#### [What to produce]
Leave out the pictures and repeat every record exactly.

#### [Available data]
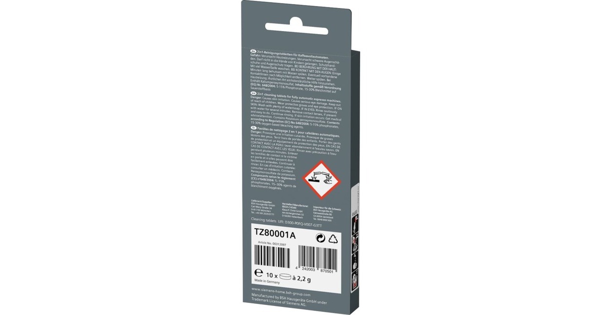 Die Reinigungstabletten TZ80001A von Siemens machen eine gründliche und zuverlässige Reinigung für pures Aroma kinderleicht. Durch optimale Reinigung wird ein perfektes Aroma erreicht, Rückstände von Kaffeeölen werden ideal entfernt. Die 2in1 Funktion sorgt für bestes Aroma und ein langes Geräteleben. Die Reinigungstabletten TZ80001A sind optimiert für das automatische Reinigungsprogramm von Siemens Kaffeevollautomaten.Art.-Nr.: 1571948
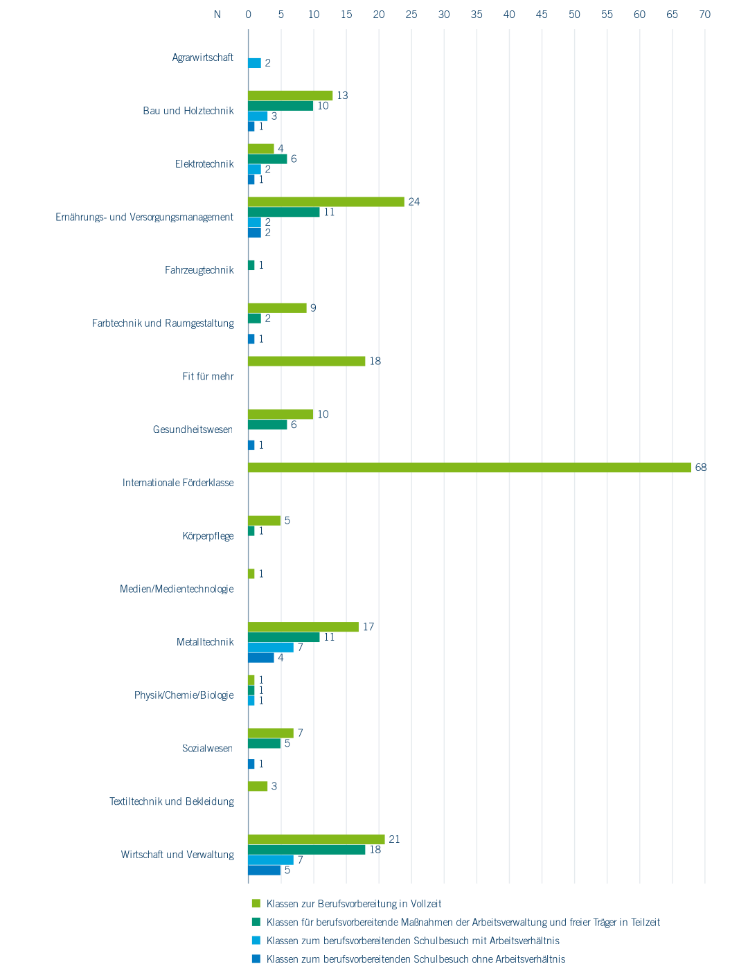 In Berufskollegs sind die Klassen zur Berufsvorbereitung in Vollzeit am stärksten vertreten. Es gibt sie in vielen verschiedenen beruflichen Fachbereichen (Abbildung 4.21), vor allem aber in Metalltechnik, Ernährungs- und Versorgungsmanagement sowie Wirtschaft und Verwaltung. In den Bereichen Gesundheits- und Sozialwesen sowie der Informatik, wo ein deutlicher Fachkräftemangel zu spüren ist und ein hoher Bedarf an Qualifizierung besteht, werden sie eher weniger angeboten. Zudem gibt es an zwei Drittel der Berufskollegs in der Metropole Ruhr internationale Förderklassen, die für die Integration Geflüchteter von hoher Bedeutung sind.
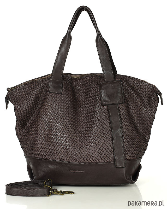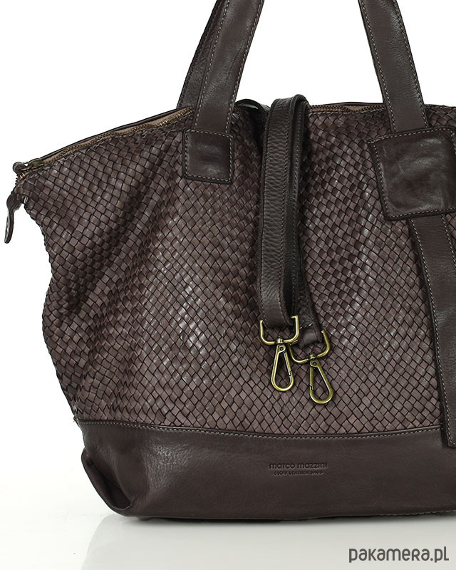 Torebka shopperka Marco Mazzini została wyposażona w mocne, wygodne uchwyty oraz długi pasek na ramię, który umożliwia noszenie torby na skos (crossbody). W środku torby znajdują się dwie kieszenie - jedna zamykana na zamek, druga otwarta oraz dodatkowa zewnętrzna kieszeń z tyłu.Torebka została uszyta we Włoszech z najwyższej jakości, miękkiej skóry naturalnej, ręcznie plecionej z dbałością o każdy detal. Proces plecenia i ręcznego wykańczania skóry sprawia, że każda torba jest unikatowa.
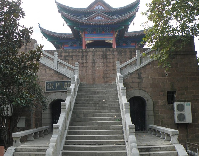 “鐵門關(guān)”有兩處:庫爾勒鐵門關(guān)和武漢鐵門關(guān)。庫爾勒鐵門關(guān)位于庫爾勒市北郊8公里處,扼孔雀河上游陡峭峽谷的出口,曾是南北疆交通的天險要沖,古代“絲綢之路”中道咽喉。晉代在這里設(shè)關(guān),因其險固,故稱"鐵門關(guān)",列為中國古代二十六名關(guān)之一。謝彬《新疆游記》中有"兩山夾峙,一線中通,路倚奇石,側(cè)臨深澗,水流澎湃,日夜有聲,彎環(huán)曲折,時有大風(fēng),行者心戒"的記述?!端?jīng)注》中稱鐵門關(guān)所在的峽谷為"鐵門關(guān)",后人叫它"遮留谷"。鐵門關(guān)自古以來就是兵家必爭之地,關(guān)旁絕壁上還留有"襟山帶河"4個隸書大字。如今關(guān)旁山坡上還留有古代屯兵的遺址。西漢張騫銜命出使西域曾路經(jīng)鐵門關(guān),班超也曾飲馬于孔雀河,故而人們又稱孔雀河為飲馬河"。唐代邊塞詩人岑參登鐵門關(guān)曾賦詩一首:"鐵關(guān)天西涯,極目少行客,關(guān)旁一小吏,終日對石壁,橋跨千仞危,路盤兩崖窄。試登西樓望,一望頭欲白"。這首詩,真實(shí)而生動的描繪出了鐵門關(guān)的險峻,前涼楊宣部將張植進(jìn)屯鐵門關(guān),擊敗焉耆王龍熙于遮留谷。
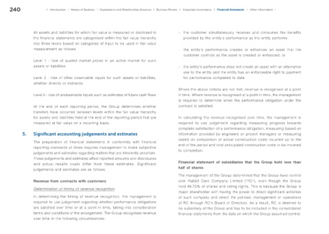 measured at fair value on a recurring basis. required to use judgement regarding measuring progress towards

#### [Your response]
 Die Reinigungstabletten TZ80001A von Siemens machen eine gründliche und zuverlässige Reinigung für pures Aroma kinderleicht. Durch optimale Reinigung wird ein perfektes Aroma erreicht, Rückstände von Kaffeeölen werden ideal entfernt. Die 2in1 Funktion sorgt für bestes Aroma und ein langes Geräteleben. Die Reinigungstabletten TZ80001A sind optimiert für das automatische Reinigungsprogramm von Siemens Kaffeevollautomaten.Art.-Nr.: 1571948
 In Berufskollegs sind die Klassen zur Berufsvorbereitung in Vollzeit am stärksten vertreten. Es gibt sie in vielen verschiedenen beruflichen Fachbereichen (Abbildung 4.21), vor allem aber in Metalltechnik, Ernährungs- und Versorgungsmanagement sowie Wirtschaft und Verwaltung. In den Bereichen Gesundheits- und Sozialwesen sowie der Informatik, wo ein deutlicher Fachkräftemangel zu spüren ist und ein hoher Bedarf an Qualifizierung besteht, werden sie eher weniger angeboten. Zudem gibt es an zwei Drittel der Berufskollegs in der Metropole Ruhr internationale Förderklassen, die für die Integration Geflüchteter von hoher Bedeutung sind.
 Torebka shopperka Marco Mazzini została wyposażona w mocne, wygodne uchwyty oraz długi pasek na ramię, który umożliwia noszenie torby na skos (crossbody). W środku torby znajdują się dwie kieszenie - jedna zamykana na zamek, druga otwarta oraz dodatkowa zewnętrzna kieszeń z tyłu.Torebka została uszyta we Włoszech z najwyższej jakości, miękkiej skóry naturalnej, ręcznie plecionej z dbałością o każdy detal. Proces plecenia i ręcznego wykańczania skóry sprawia, że każda torba jest unikatowa.
 “鐵門關(guān)”有兩處:庫爾勒鐵門關(guān)和武漢鐵門關(guān)。庫爾勒鐵門關(guān)位于庫爾勒市北郊8公里處,扼孔雀河上游陡峭峽谷的出口,曾是南北疆交通的天險要沖,古代“絲綢之路”中道咽喉。晉代在這里設(shè)關(guān),因其險固,故稱"鐵門關(guān)",列為中國古代二十六名關(guān)之一。謝彬《新疆游記》中有"兩山夾峙,一線中通,路倚奇石,側(cè)臨深澗,水流澎湃,日夜有聲,彎環(huán)曲折,時有大風(fēng),行者心戒"的記述?!端?jīng)注》中稱鐵門關(guān)所在的峽谷為"鐵門關(guān)",后人叫它"遮留谷"。鐵門關(guān)自古以來就是兵家必爭之地,關(guān)旁絕壁上還留有"襟山帶河"4個隸書大字。如今關(guān)旁山坡上還留有古代屯兵的遺址。西漢張騫銜命出使西域曾路經(jīng)鐵門關(guān),班超也曾飲馬于孔雀河,故而人們又稱孔雀河為飲馬河"。唐代邊塞詩人岑參登鐵門關(guān)曾賦詩一首:"鐵關(guān)天西涯,極目少行客,關(guān)旁一小吏,終日對石壁,橋跨千仞危,路盤兩崖窄。試登西樓望,一望頭欲白"。這首詩,真實(shí)而生動的描繪出了鐵門關(guān)的險峻,前涼楊宣部將張植進(jìn)屯鐵門關(guān),擊敗焉耆王龍熙于遮留谷。
 measured at fair value on a recurring basis. required to use judgement regarding measuring progress towards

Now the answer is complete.